To its critics, Project Prevention or Crack - an American organisation which
pays drug addicts and alcoholics to be sterilised - is a terrifying
throwback to the neutering of "defectives" during the 20th Century.

But the woman who runs this not-for-profit programme believes she is
offering a service to everyone: the drug addict, the taxpayer, the child who
has not yet been born, and if she has her way - will never be born.

As the programme reaches its fifth anniversary, Barbara Harris also believes
she has cause to celebrate.

Some 1,050 addicts - mainly women - have undergone sterilisation as part of
her programme over the past five years.

It may not seem a considerable number, but, Ms Harris stresses, the number
of clients has more than doubled over the past 12 months compared with the
year before.

"Basically, despite the initial controversy over the programme, people are
starting to accept that it's a good idea.

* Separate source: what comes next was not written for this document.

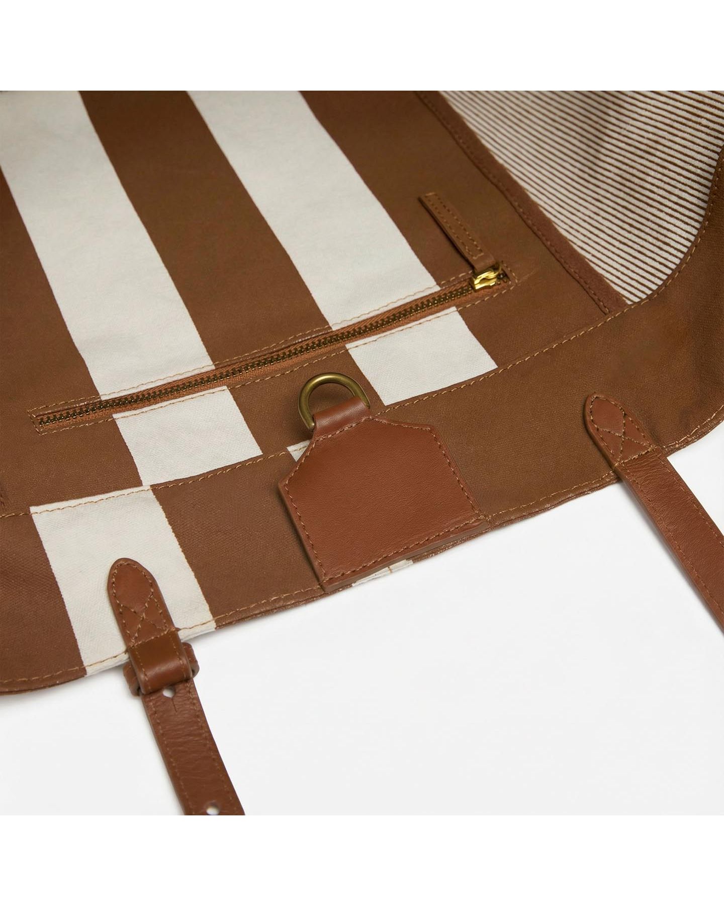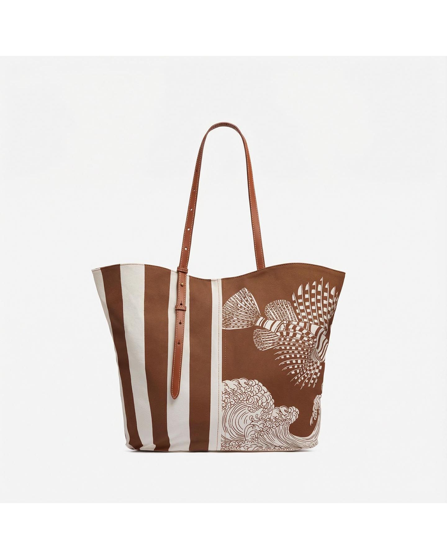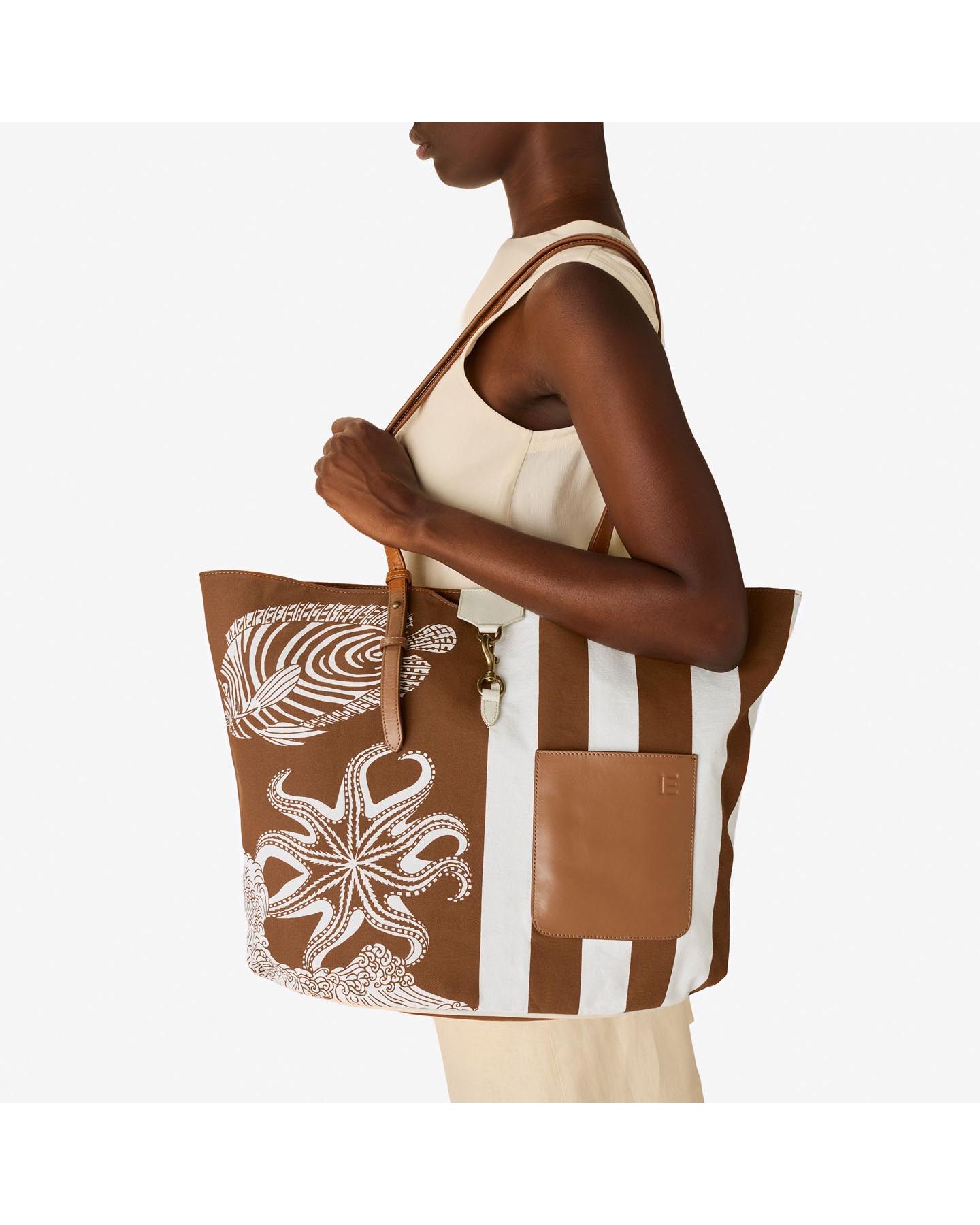 Sac cabas en toile de coton imprimé aux motifs marins pour transporter tous vos effets personnels, comme votre ordinateur portable. Doté des anses en cuir, ce sac peut être porter à la main ou à l'épaule. Il est également équipé d'une poche intérieure zippée pour garder vos indispensables à portée de main. Renforcé par des finitions en cuir, le sac conserve sa structure raffinée et s'adapte à toutes les tenues. Fabriqué en Inde. Sac en 100% coton, avec des finitions en cuir. Fabriqué en Inde.

Probation officers, social workers
and those who work on drug treatment programmes are increasingly referring
their clients to us," she says.

Increasing presence

There is no way of independently verifying the figures given by Project
Prevention, nor will the group divulge the names of institutes whose
counsellors allegedly refer their clients to the programme - arguing that
those people could fall foul of the authorities if their identities were
revealed.

Some prisons - such as the Bernalillo County Detention Center in Albuquerque
- - have apparently allowed the group to host information sessions for their
female inmates, but have stressed that this is not tantamount to a referral.

But what is undisputed is that the programme has expanded significantly over
the past five years - growing from a small establishment in California to a
nationwide programme with a presence in most major cities.

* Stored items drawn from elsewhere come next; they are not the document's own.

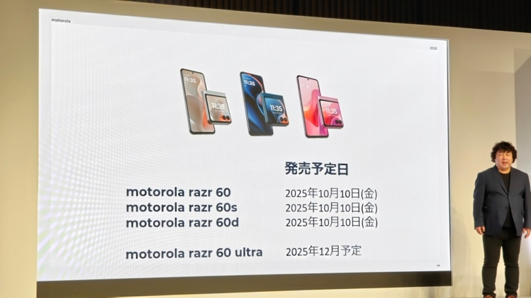 レノボ傘下のモトローラ・モビリティ・ジャパンは、新たな縦折りスマホ「motorola razr 60」シリーズの日本展開を発表。スタンダードモデルのmotorola razr 60は10月10日、上位モデルのmotorola razr 60 ultraは2025年12月に発売となる。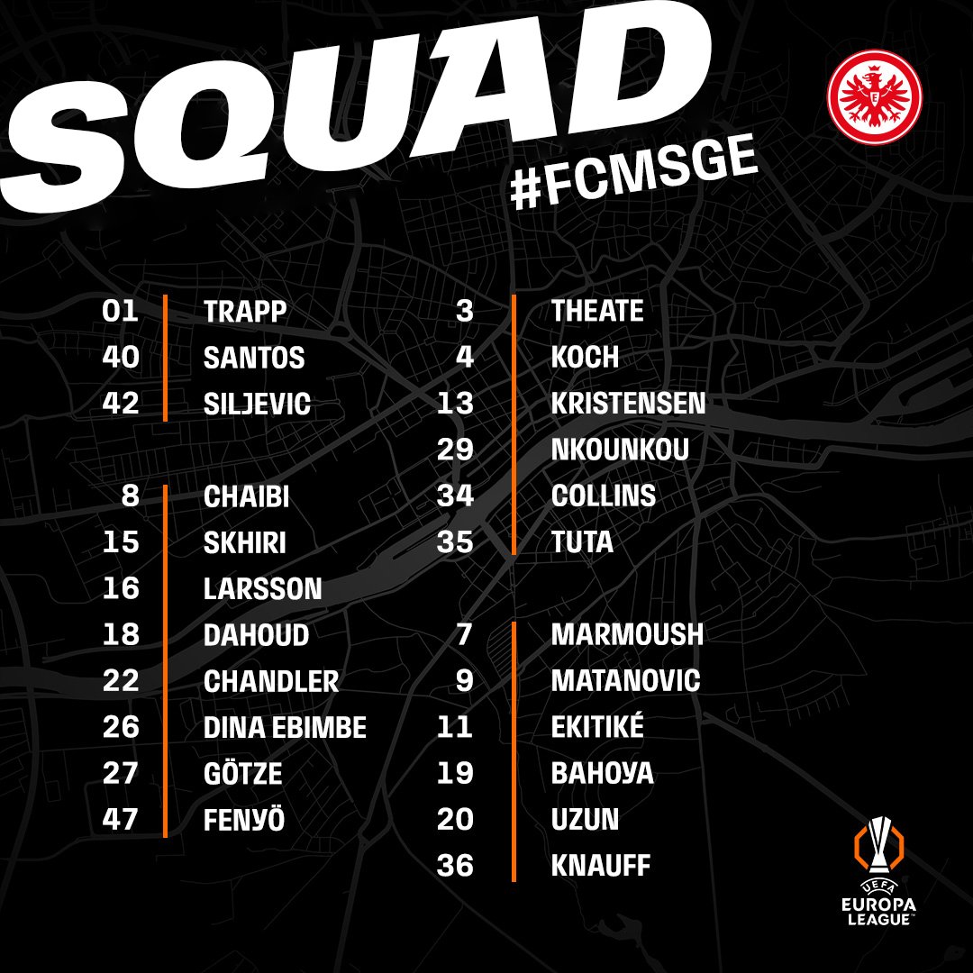 قائمة فريق آينتراخت فرانكفورت لـ المباراة المقبلة في الدوري الأوروبي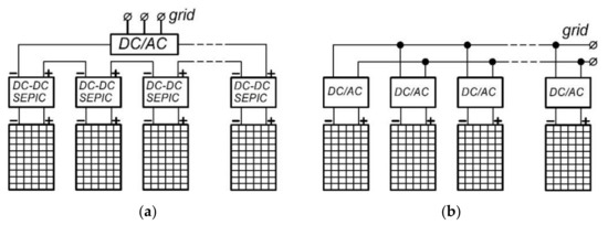 The outputs of individual matching converters are connected in a series (Figure 5a), which makes it possible to easily implement them in already built solar power plants. Switching of micro-inverters is carried out by means of their parallel connection (Figure 5b), which complicates their implementation at the constructed stations.

As it has expanded, the tone of the group has also shifted. Ms Harris, who
was quoted in one of her first interviews as saying "We don't allow dogs to
breed. We spay them. We neuter them. We try to keep them from having
unwanted puppies, and yet these women are literally having litters of
children," has since toned down her language.

Her project was initially referred to simply as Crack (Children Requiring A
Caring Community). Now it frequently uses the warmer term Project
Prevention.

But the essence of her project remains the same. It offers drug addicts and
alcoholics a sum of $200 for opting for a long-term form of birth control,
such as sterilisation or a contraceptive implant.

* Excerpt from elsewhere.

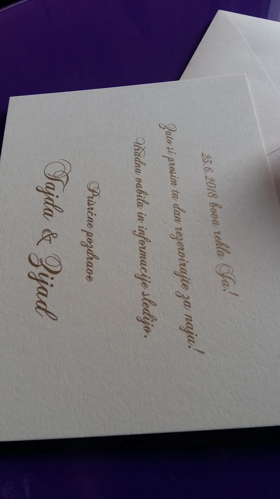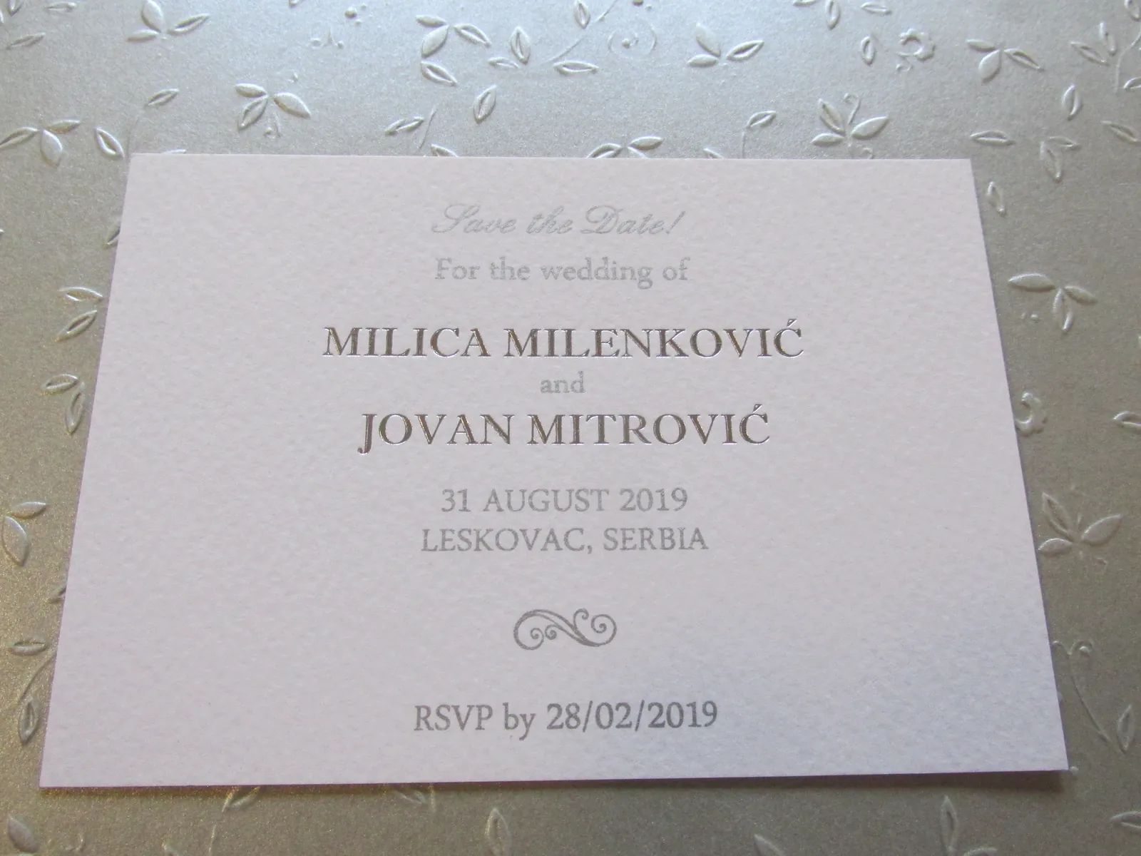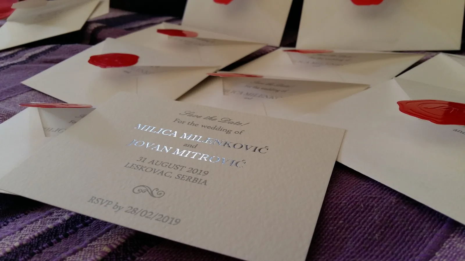 Save the Date – često se godinu dana pre venčanja šalje gostima samo ,,sačuvaj datum’’ kartica pre same pozivnice, kako bi gosti mogli da na vreme planiraju vaše venčanje. Obično je ovakva karta sa kovertom i u stilu same pozivnice, koja će se gostima uručiti kasnije kada se budu znali svi detalji proslave, satnica.

Those interested are asked to submit documents proving that they have been
arrested on narcotic offences, or provide a doctor's letter as evidence that
they use drugs.

After she or he has been accepted on the programme, fresh documents are then
required to show that the procedure has indeed taken place. The money is
then despatched.

"Our principal aim is to stop children winding up in foster care or with
long-term health problems, whose care puts an enormous burden on the
taxpayer," says Ms Harris.

"If they spend the $200 on drugs, they spend it on drugs. It's none of our
business what they do with the money we give them."

Historical analogies

Organisations like the National Advocates for Pregnant Women do not deny
that there can be problems with children born of addicted parents but stress
that many drug addicts become loving mothers and that their children in many
cases do not suffer life-long health problems.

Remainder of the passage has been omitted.